*Work order*
Type out the listing below exactly. Pictures stay out of it.

*The data*

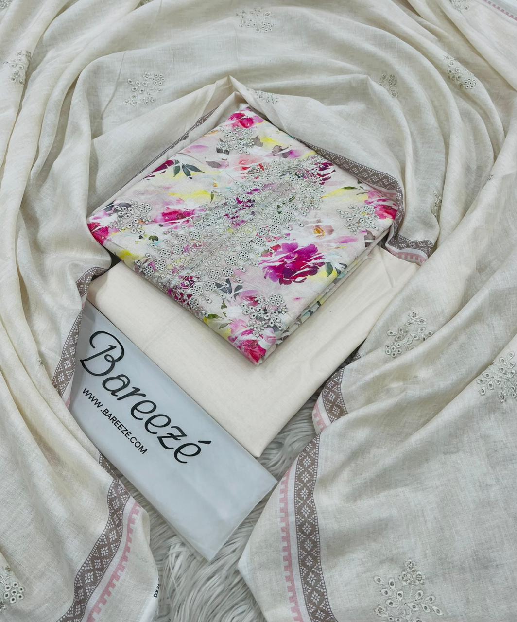 BAREEZE 3PCS LAWN CUTWORK SUITS ORIGINAL STOCK AFTER WASH GURENTTED
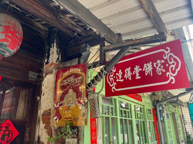 公園國小のバス停から徒歩4分ほど、台鉄・台南駅から徒歩10分ほどの場所、崇安街の細い路地に店舗を構える 連得堂餅家。日本統治時代の大正年間(1912-1926年)に、蔡清連・蔡清得兄弟が日本しきの玉子煎餅の技術を学び開業した煎餅店です。第二次世界大戦後、米軍が台南周辺に駐留した際には土産需要でヒットし、店名のアルファベット表記Leng Tih Tongを焼印するようになり、そのデザインも人気です。現在は4代目が手売りできる分だけ販売するビジネスをされており、1人2袋制限までと購買制限があるほどの人気店です。
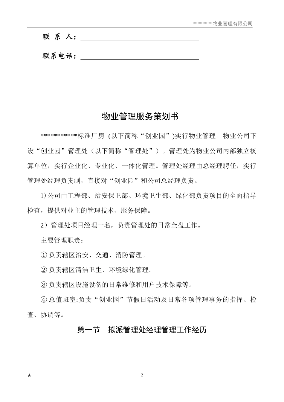 ********物业管理有限公司**********厂区物业服务方案单位名称:地址:★1********物业管理有限公司联系人:联系电话:物业管理服务策划书***********标准厂房(以下简称“创业园”)实行物业管理。物业公司下设“...
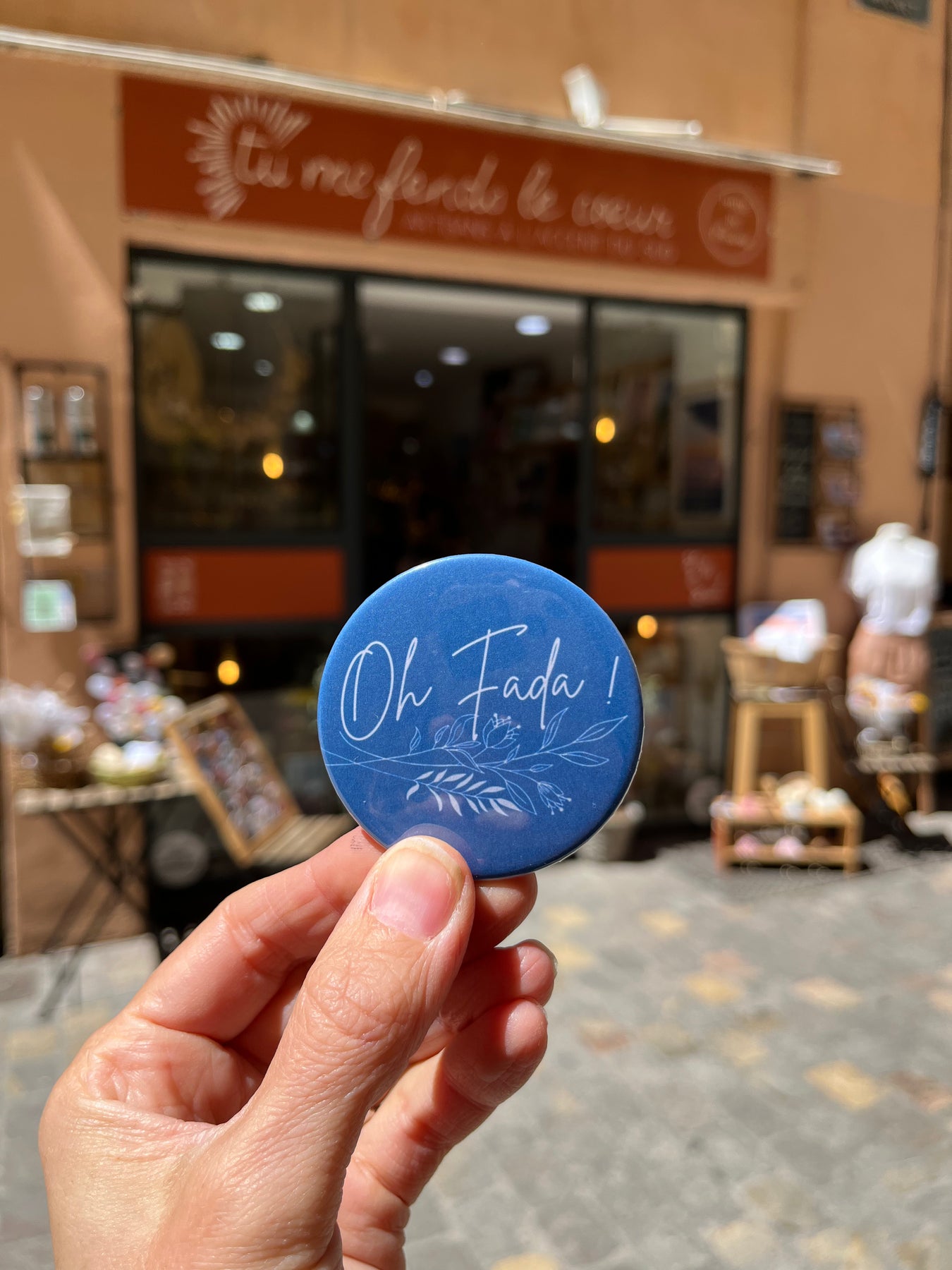 Broche ronde bleue Oh Fada ! fleurie made in Aix-en-Provence

*Response box*
 BAREEZE 3PCS LAWN CUTWORK SUITS ORIGINAL STOCK AFTER WASH GURENTTED
 公園國小のバス停から徒歩4分ほど、台鉄・台南駅から徒歩10分ほどの場所、崇安街の細い路地に店舗を構える 連得堂餅家。日本統治時代の大正年間(1912-1926年)に、蔡清連・蔡清得兄弟が日本しきの玉子煎餅の技術を学び開業した煎餅店です。第二次世界大戦後、米軍が台南周辺に駐留した際には土産需要でヒットし、店名のアルファベット表記Leng Tih Tongを焼印するようになり、そのデザインも人気です。現在は4代目が手売りできる分だけ販売するビジネスをされており、1人2袋制限までと購買制限があるほどの人気店です。
 ********物业管理有限公司**********厂区物业服务方案单位名称:地址:★1********物业管理有限公司联系人:联系电话:物业管理服务策划书***********标准厂房(以下简称“创业园”)实行物业管理。物业公司下设“...
 Broche ronde bleue Oh Fada ! fleurie made in Aix-en-Provence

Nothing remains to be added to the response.